TRIBUNAL DE JUSTIÇA DO ESTADO DO PIAUÍ
ÓRGÃO JULGADOR : 2ª Câmara Especializada Cível
APELAÇÃO CÍVEL (198) No 0800062-52.2018.8.18.0049
APELANTE: BANCO BRADESCO FINANCIAMENTOS S.A.
Advogado(s) do reclamante: RUBENS GASPAR SERRA
APELADO: JOAQUIM BANDEIRA DE SOUSA
Advogado(s) do reclamado: ANA PAULA CAVALCANTE DE MOURA
RELATOR(A): Desembargador LUIZ GONZAGA BRANDÃO DE CARVALHO
EMENTA
APELAÇÃO CÍVEL. AÇÃO DE REPETIÇÃO DE INDÉBITO C/C INDENIZAÇÃO POR DANOS MORAIS C/C COM TUTELA DE URGÊNCIA.RELAÇÃO DE CONSUMO. AUSÊNCIA DE CONTRATO. NÃO COMPROVADA A CONTRATAÇÃO. NULIDADE DO CONTRATO. RESTITUIÇÃO EM DOBRO DOS VALORES DESCONTADOS. DANO MORAL PRESENTE. RECURSO IMPROVIDO.1. É cabível a aplicação do art.6º, VIII do CDC, relativo à inversão do ônus da prova, considerando-se a capacidade, dificuldade ou hipossuficiência de cada parte, cabendo à instituição financeira, e não à parte autora, a encargo de provar a regularidade do contrato pactuado. 2. Por se tratar de relação de consumo, cinge-se que a responsabilidade será objetiva, ou seja, responderá pelo dano independentemente de está presente o elemento de culpa.3. Com base no histórico do INS juntado a inicial, mostra-se o banco ora apelante como responsável pelos descontos ora discutidos na lide.4. O banco apelante não apresentou qualquer documento que comprove a realização de tal negócio jurídico. Não foi apresentado contrato ou qualquer documentação que confirme o recebimento do valor supostamente contratado pelo apelado, bem como qualquer prova que exime a responsabilidade do recorrente.5. Deve ser anulado o suposto contrato entabulado e devolvido à parte os valores descontados indevidamente.6. É notável que os descontos foram efetuados com base em contrato totalmente nulo, tendo o banco procedido de forma ilegal, portanto, a conduta intencional do banco de efetuar descontos nos proventos da aposentadoria do apelado, resulta em má-fé, pois o consentimento inexistiu de fato. Assim, a restituição em dobro dos valores indevidamente abatidos é medida que se impõe.6. Já o dano moral, este se configura como in re ipsa, isto é, presumidamente prova-se tão somente pela ofensa ou constrangimento. 7. Recurso improvido. O Ministério Público, devolveu os autos sem emitir parecer de mérito, ante a ausência de interesse público que justificasse a sua intervenção.
RELATÓRIO
Cuida-se de recurso de Apelação Cível, interposto por BANCO BRADESCO FINANCIAMENTOS S.A., já qualificado processualmente, em face de decisão proferida pelo MM. Juízo da Vara Única da Comarca de Elesbão Veloso, nos autos da Ação de Repetição de Indébito c/c Indenização por Danos Morais c/c com Tutela de Urgência (processo nº 0800062-52.2018.8.18.0049) que lhe move JOAQUIM BANDEIRA DE SOUSA, igualmente qualificado processualmente.

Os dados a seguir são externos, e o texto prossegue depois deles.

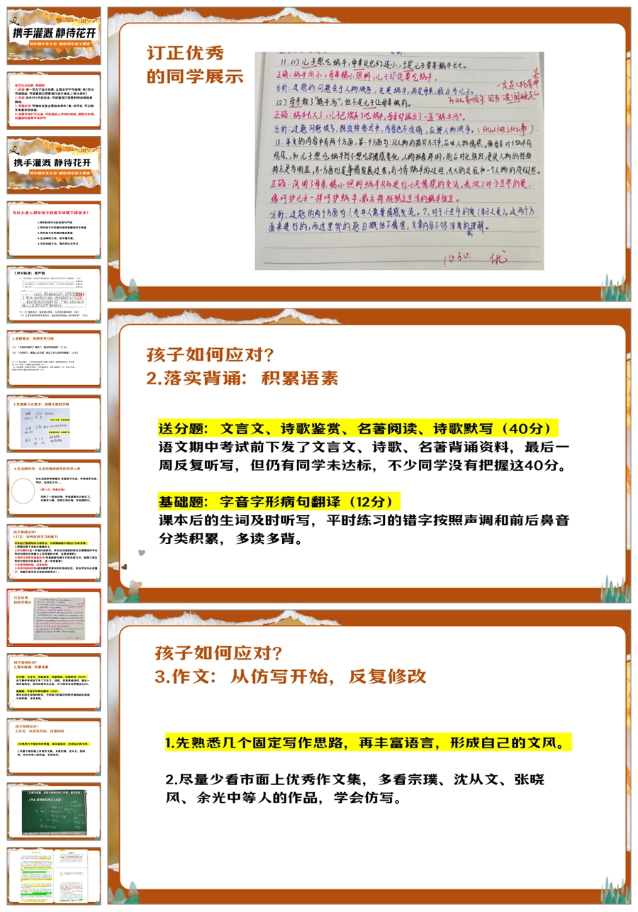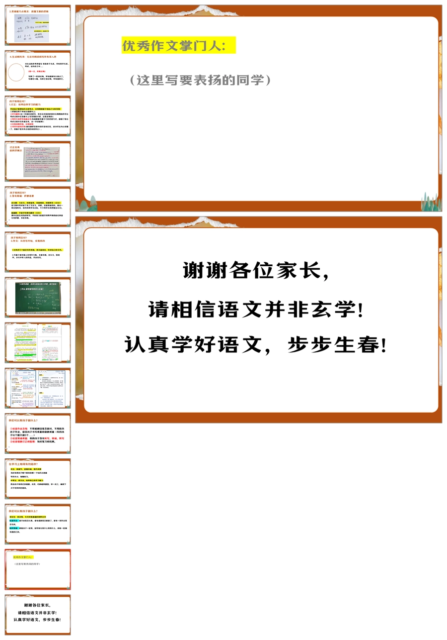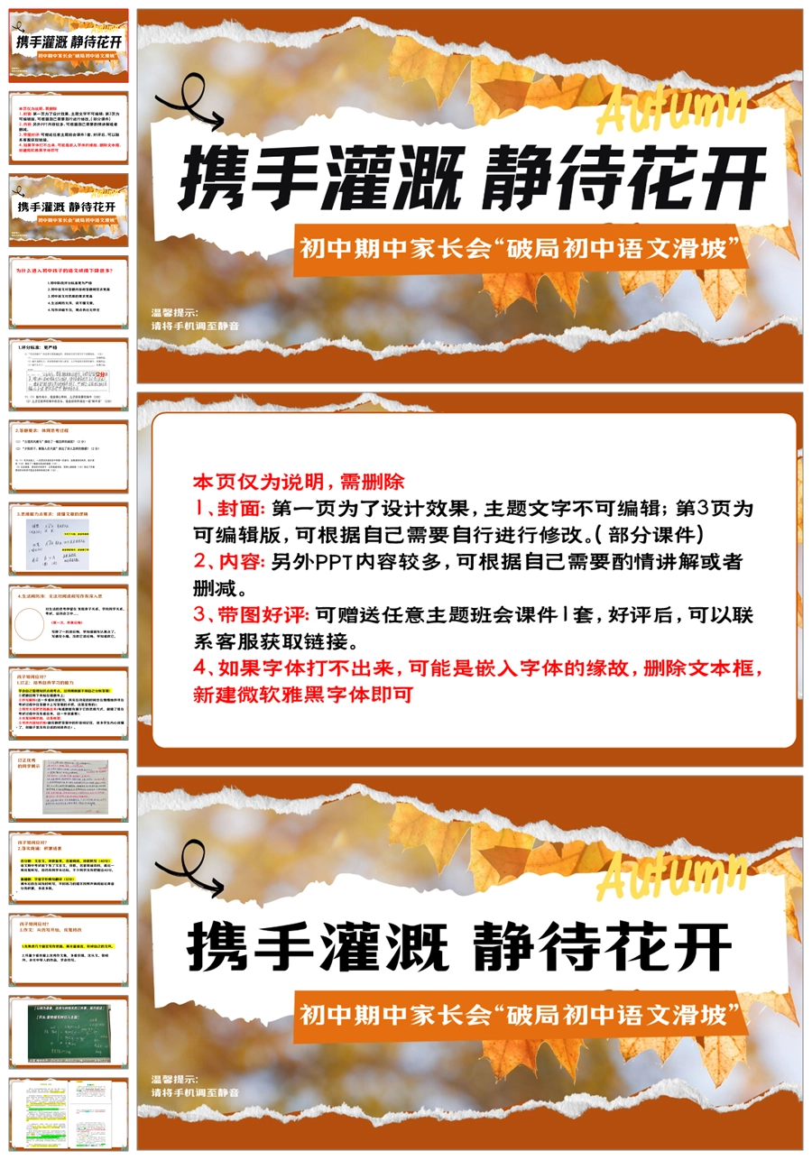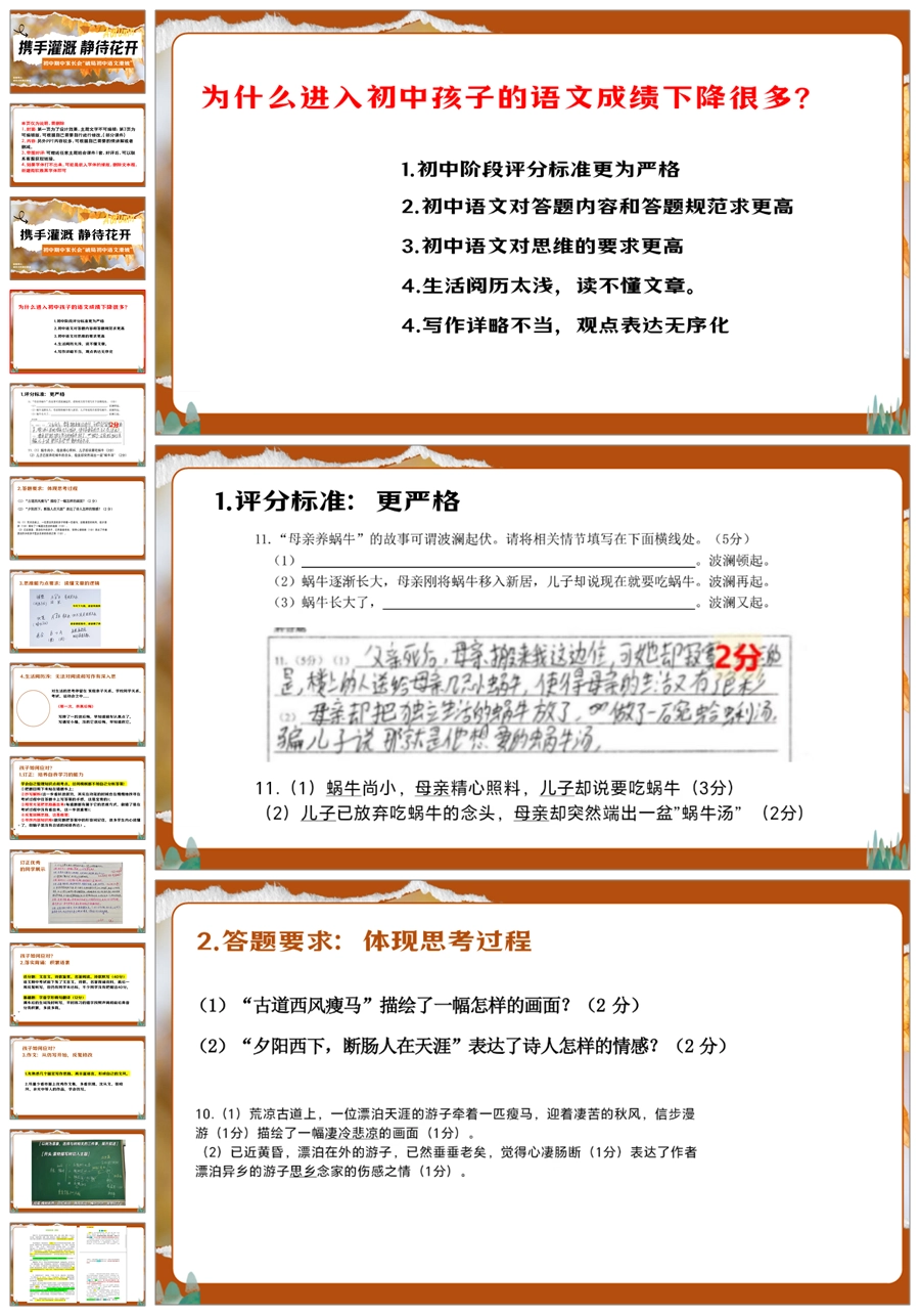 【5950】中学通用家长会期中家长会《破局初中语文滑坡》PPT课件+发言稿

Na sentença (ID.1309649) o eminente magistrado a quo julgou procedente a inicial, para condenar o banco apelante a restituir à parte ora apelada, em dobro, os valores descontados indevidamente, acrescido de correção monetária e juros legais, bem como condenou ao pagamento de R$ 500,00 (quinhentos reais) a título de danos morais, corrigido a partir da data do arbitramento (Súmula 362/STJ), e acrescido de juros remuneratórios de 1% a.m. (um por cento ao mês) a contar do fato danoso (Súmula 54/STJ) e honorários advocatícios, no importe de quinze por cento (15%) do valor da condenação.

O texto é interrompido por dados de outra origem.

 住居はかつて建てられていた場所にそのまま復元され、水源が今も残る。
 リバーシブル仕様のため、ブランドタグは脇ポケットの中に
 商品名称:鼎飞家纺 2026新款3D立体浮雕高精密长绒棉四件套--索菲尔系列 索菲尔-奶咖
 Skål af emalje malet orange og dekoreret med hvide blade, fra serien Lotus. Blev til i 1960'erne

Irresignado, Banco Bradesco Financiamentos S.A., interpôs recurso de Apelação (ID.1309659), onde alega que o contrato foi celebrado com apresentação dos documentos pessoais da parte apelada e, se alguém fez o uso indevido deles, certamente foi por negligência da própria parte apelada, pois não teve a diligência necessária para proteger tais dados.
Aduz que agiu com a mais absoluta boa-fé ao efetuar os descontos referentes ao empréstimo que se configura validamente contratado.
Aponta que a manifestação de vontade do contratante, a apresentação completa da documentação pessoal original, corroborado por testemunhas que o formaliza como instrumento civil, não há óbice para que o Banco realize a operação de crédito em questão, inclusive, por regrada pela ampla legislação e normas do Banco Central do Brasil.
Esclarece que em nenhum momento deixou de cumprir as normas supracitadas, sendo que a liberação de crédito se deu em conta corrente da própria parte autora, ou mediante Ordem de Pagamento emitida diretamente em seu nome, o que afasta a pretensa suposição de que terceira pessoa inescrupulosa realizara o contrato e recebera os valores em nome da parte autora.
Afirma que a agiu em conformidade com um direito que lhe assistia, constituindo mero exercício regular de um direito.
Sustenta que não há que se falar em indenização, mas caso seja reconhecida, o valor da indenização deve ser proporcional a eventual ato do Banco, de maneira a se adequar ao limiar da satisfação da suposta vítima, mas sem exagero.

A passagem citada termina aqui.